We have a vacancy for a PhD candidate on "Red Blood Cell Oxidative Stress Response". Candidate should preferably have a biomedical background, or an MD wanting to pursue a scientific career. Affinity with red blood cell disorders such as Sickle cell, Thalassemia, G6PD-deficiency, and membrane disorders is a bonus.
This PhD position is part of a larger EU research consortium. The objective of the consortium and the EU Marie Curie funding is to create the future international research networks. Therefore the candidate should not currently be living in the Netherlands.

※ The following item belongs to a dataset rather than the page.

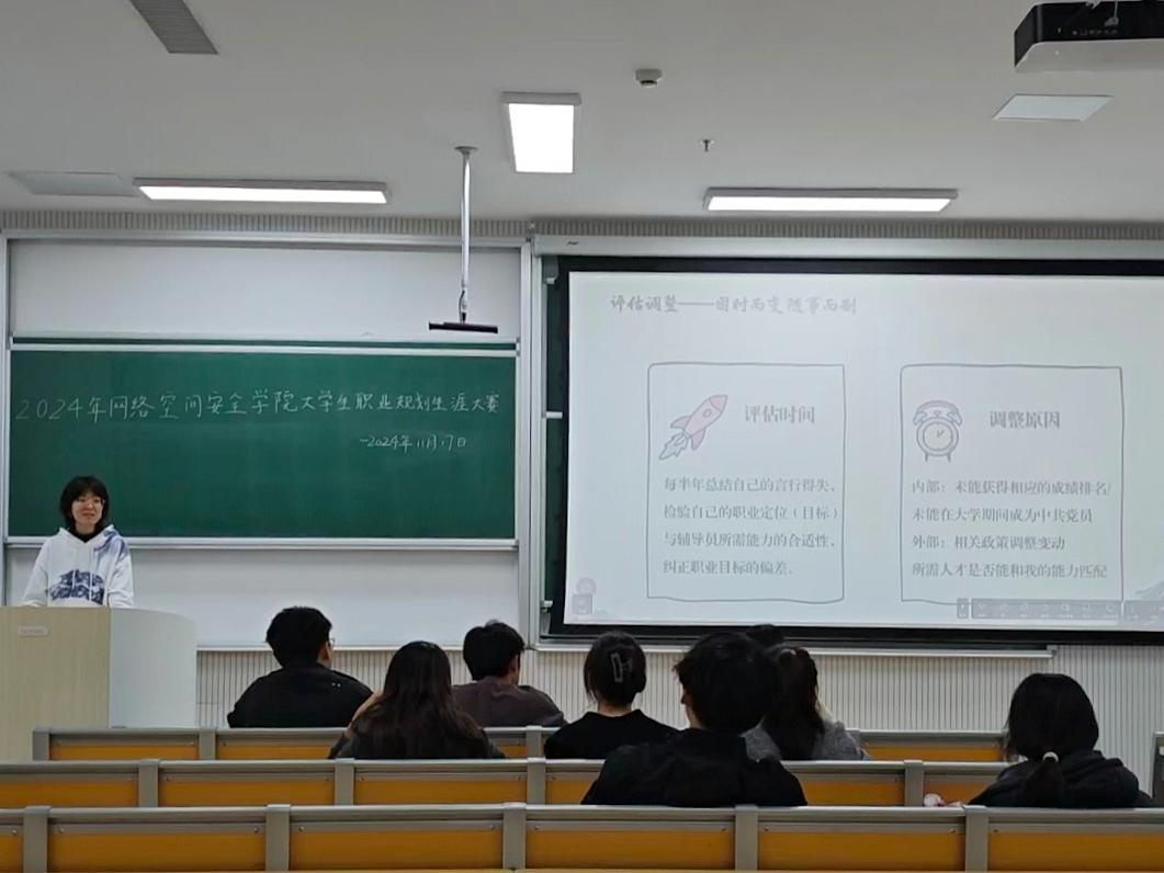 学生的创新能力、实践能力和就业能力,11月17日14:00,网络空间安全学院大学生职业规划生涯大赛于格物楼B105教室顺利举办。本次比赛由学院就业实践部副部长吉增昊主持,学院团委副书记杨蓓茜、就业实践部部长李芳威、宿卫部部长李承昊担任评委。

Work location is University Medical Center Utrecht.
 

Research topics:

Do all forms of oxidative stress induce the same type of response? Or are there responses for the different forms of oxidative stress (i.e. superoxide anions, hydrogen peroxide, reactive oxygen species). What are the individual differences in oxidative stress response? E.g. in G6PD deficiency: paracetamol can be given safely to one person but should be avoided for another person. What are the factors that determine these differences? (e.g. G6PD genotype, cellular anti-oxidant status, reduced glutathione content). What is the pathophysiological mechanism(s) involved in oxidative stress-related hemolysis? What is the role of shear? Can the ultimate effect, i.e. hemolysis, be prevented with reducing agents, such as anti-oxidants (e.g. n-acetylcysteine), RCB deformability improving agents (Poloxamer, Gardos channel blockers), or monoclonal antibodies that reduce the adhesion between RBC and endothelium (Crizanlizumab). How does G6PD-deficiency compare to other red cell disorders such as sickle cell anaemia or thalassemia. What does an oxidative stress inducing disorder mean for these "continuously stressed" individuals.